• [WORK INSTRUCTION]:
Output all the entries word for word. Omit the pictures.

• [GIVEN RECORDS]:

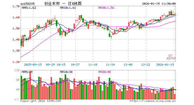 1月15日,截止午间收盘,创业板ETF东财(159205)跌0.80%,报1.614元,成交额3439.88万元。创业板ETF东财(159205)重仓股方面,宁德时代截止午盘涨0.01%,中际旭创跌1.07%,东方财富跌2.87%,新易盛跌1.51%,阳光电源跌1.59%,胜宏科技跌2.74%,汇川技术涨2.53%,迈瑞医疗跌1.89%,亿纬锂能涨0.91%,温氏股份跌0.12%。
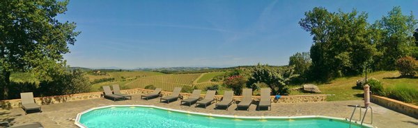 Schönes Bauernhaus mit Bauernhof, Dependance und Swimmingpool in Barberino Val D'Elsa, südlich von Florenz, zu verkaufen. Umgeben von Weinbergen mit 360°-Blick über Chianti, Volterra und San Gimignano, ist es nicht weit von San Donato und Castellina
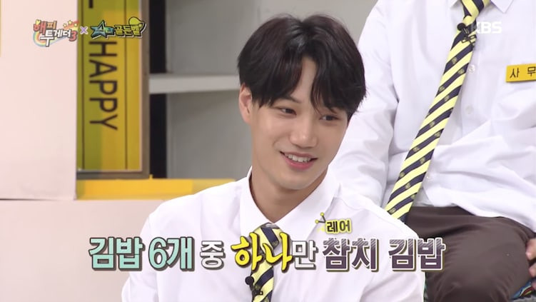Kai tiếp tục: "Sau khi ăn kimbap, bạn sẽ khát và muốn uống nước ngọt có ga. Nhưng họ chỉ mua một hoặc hai lon". Khi những người khác bình luận rằng công ty nên cho nhóm thức ăn và thức uống phong phú, Kai nói thêm: "Đó là trong thời gian debut của chúng tôi nên chúng tôi không có nhiều tiền. Chúng tôi đã làm điều này để mọi người cùng vui vẻ và tiết kiệm tiền nữa. Sau đó, các vị khách khác nói thêm: "Bây giờ bạn có thể mua được một nhà hàng cá ngừ rồi", khiến mọi người bật cười.
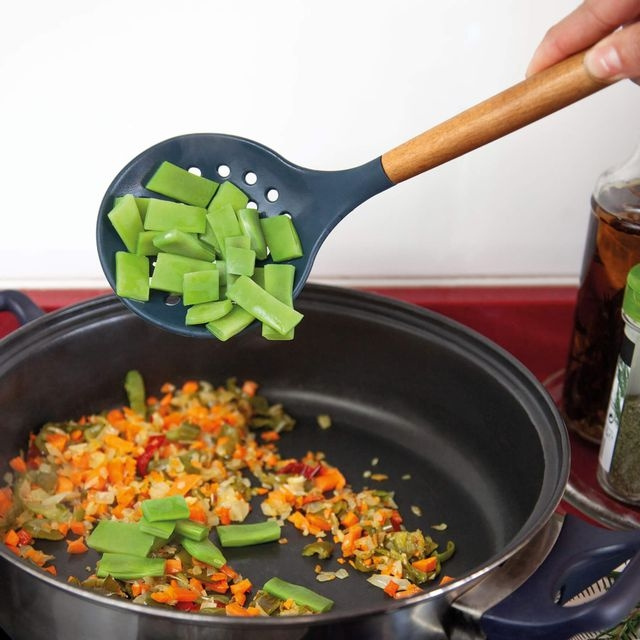 Silikoneoverfladen er skånsom mod dine kogekar og særligt velegnet hvis du bruger non stick belagte gryder og pander. Varmebestandig op til 230°C.
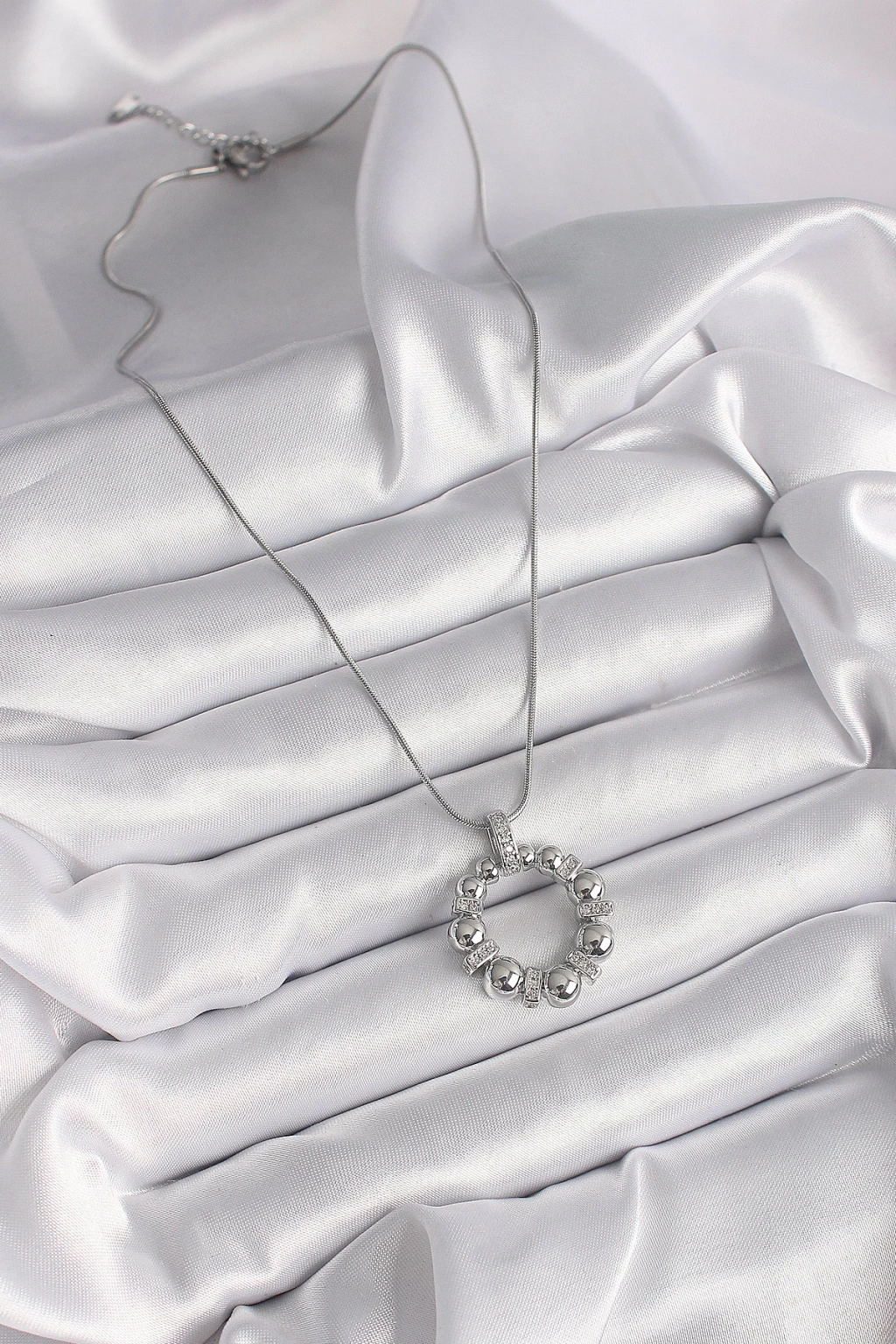 BFS 316L Çelik Gümüş Renk Zincir Zirkon Taş Detaylı Bombeli Halka Model Kadın Kolye
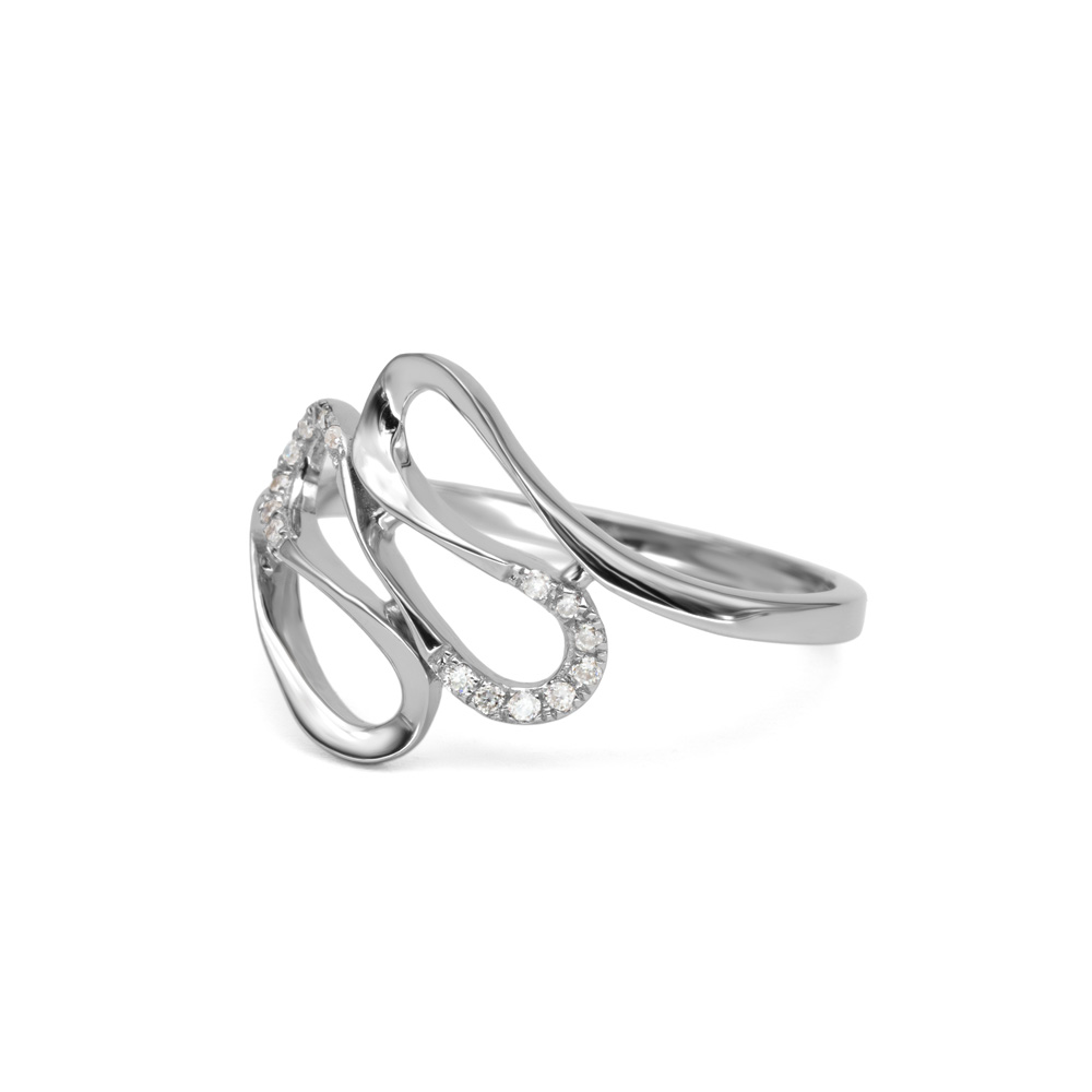 Az Ornithia gyűrű modern, absztrakt hullámformái különleges dinamikát teremtenek az ujj körül: 14 karátos fehérarany sínei plasztikusan ölelik egymást, miközben a két oldali áttört hullám, pavé foglalatú briliáns gyémántokkal kirakva, szárnyat vagy virágszirmot idéznek. A formák légiesek, letisztultak, a polírozott arany mindig új arcát mutatja a fényben.
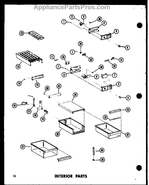 Parts for Amana TR18D-P73500-23W: Interior Parts (Ts18d / P73500-22W) (Tr18d / P73500-23W) (Etr18d / P73500-24W) (Tc18d / P73500-25W) (Tci18d / P73500-27W) (Tm18d / P73500-30W) (Tri18d / P73500-28W) Parts
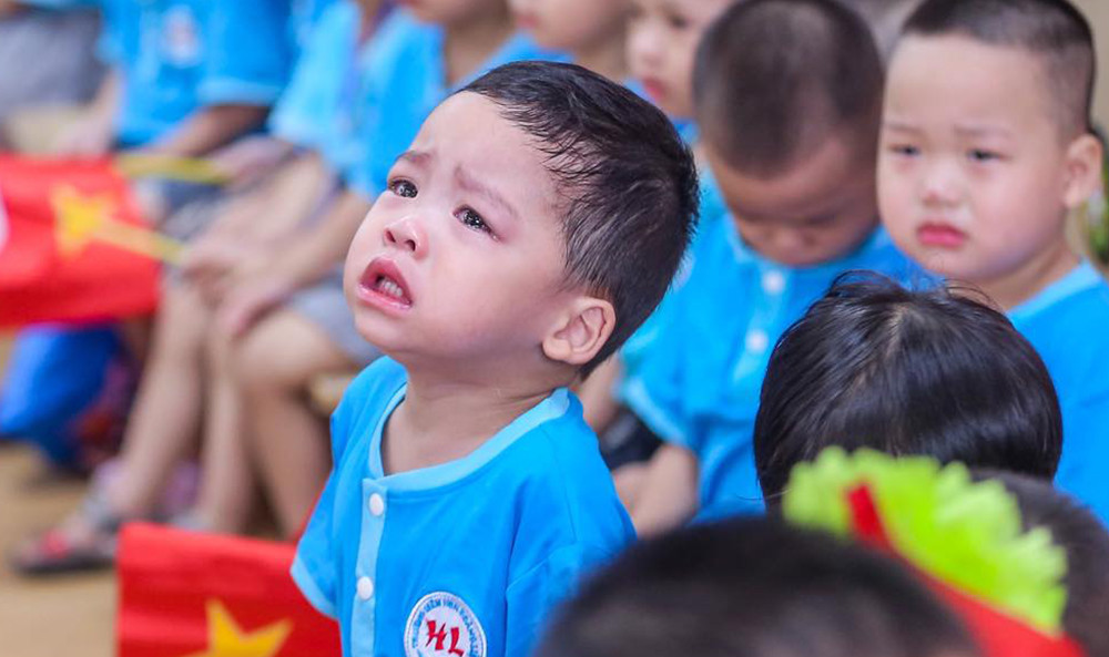 Lần đầu tới trường còn nhiều bỡ ngỡ, nhiều trẻ mếu máo khóc.
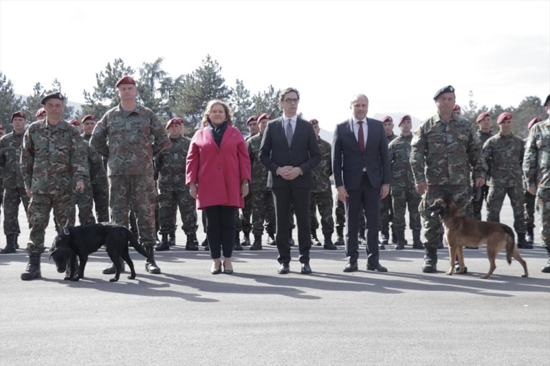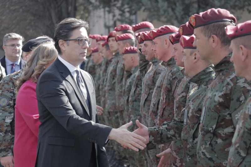 Pendarovski, Kuzey Makedonya ordusu mensuplarına "Bu zor günlerde bizleri gerçekten gururlandırdınız." şeklinde seslendi.
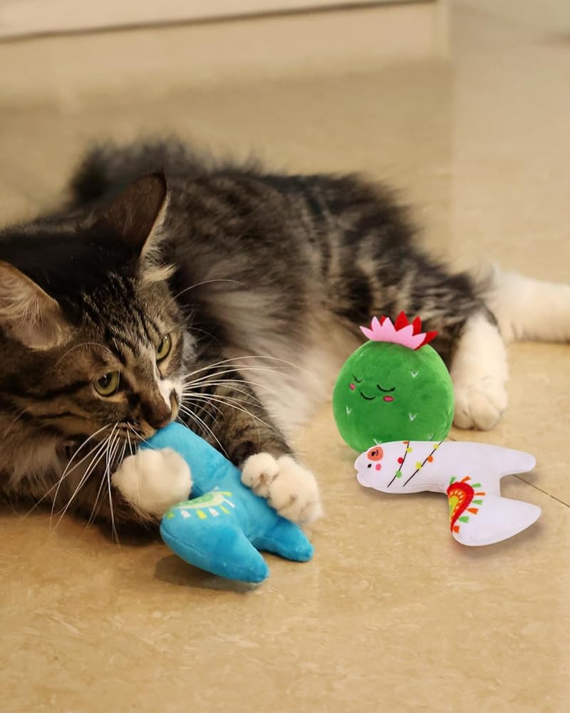 Quality Sustainable & Safe Material - Made of soft plush flannelette. Crafted in the shapes of birthday-themed supplies and hand sewed with color-matched thread and filled with cotton that ensures these kitten toys are more sustainable and suitable for teething, chewing, kicking, or playing.

• [YOUR RESPONSE]:
 1月15日,截止午间收盘,创业板ETF东财(159205)跌0.80%,报1.614元,成交额3439.88万元。创业板ETF东财(159205)重仓股方面,宁德时代截止午盘涨0.01%,中际旭创跌1.07%,东方财富跌2.87%,新易盛跌1.51%,阳光电源跌1.59%,胜宏科技跌2.74%,汇川技术涨2.53%,迈瑞医疗跌1.89%,亿纬锂能涨0.91%,温氏股份跌0.12%。
 Schönes Bauernhaus mit Bauernhof, Dependance und Swimmingpool in Barberino Val D'Elsa, südlich von Florenz, zu verkaufen. Umgeben von Weinbergen mit 360°-Blick über Chianti, Volterra und San Gimignano, ist es nicht weit von San Donato und Castellina
Kai tiếp tục: "Sau khi ăn kimbap, bạn sẽ khát và muốn uống nước ngọt có ga. Nhưng họ chỉ mua một hoặc hai lon". Khi những người khác bình luận rằng công ty nên cho nhóm thức ăn và thức uống phong phú, Kai nói thêm: "Đó là trong thời gian debut của chúng tôi nên chúng tôi không có nhiều tiền. Chúng tôi đã làm điều này để mọi người cùng vui vẻ và tiết kiệm tiền nữa. Sau đó, các vị khách khác nói thêm: "Bây giờ bạn có thể mua được một nhà hàng cá ngừ rồi", khiến mọi người bật cười.
 Silikoneoverfladen er skånsom mod dine kogekar og særligt velegnet hvis du bruger non stick belagte gryder og pander. Varmebestandig op til 230°C.
 BFS 316L Çelik Gümüş Renk Zincir Zirkon Taş Detaylı Bombeli Halka Model Kadın Kolye
 Az Ornithia gyűrű modern, absztrakt hullámformái különleges dinamikát teremtenek az ujj körül: 14 karátos fehérarany sínei plasztikusan ölelik egymást, miközben a két oldali áttört hullám, pavé foglalatú briliáns gyémántokkal kirakva, szárnyat vagy virágszirmot idéznek. A formák légiesek, letisztultak, a polírozott arany mindig új arcát mutatja a fényben.
 Parts for Amana TR18D-P73500-23W: Interior Parts (Ts18d / P73500-22W) (Tr18d / P73500-23W) (Etr18d / P73500-24W) (Tc18d / P73500-25W) (Tci18d / P73500-27W) (Tm18d / P73500-30W) (Tri18d / P73500-28W) Parts
 Lần đầu tới trường còn nhiều bỡ ngỡ, nhiều trẻ mếu máo khóc.
 Pendarovski, Kuzey Makedonya ordusu mensuplarına "Bu zor günlerde bizleri gerçekten gururlandırdınız." şeklinde seslendi.
 Quality Sustainable & Safe Material - Made of soft plush flannelette. Crafted in the shapes of birthday-themed supplies and hand sewed with color-matched thread and filled with cotton that ensures these kitten toys are more sustainable and suitable for teething, chewing, kicking, or playing.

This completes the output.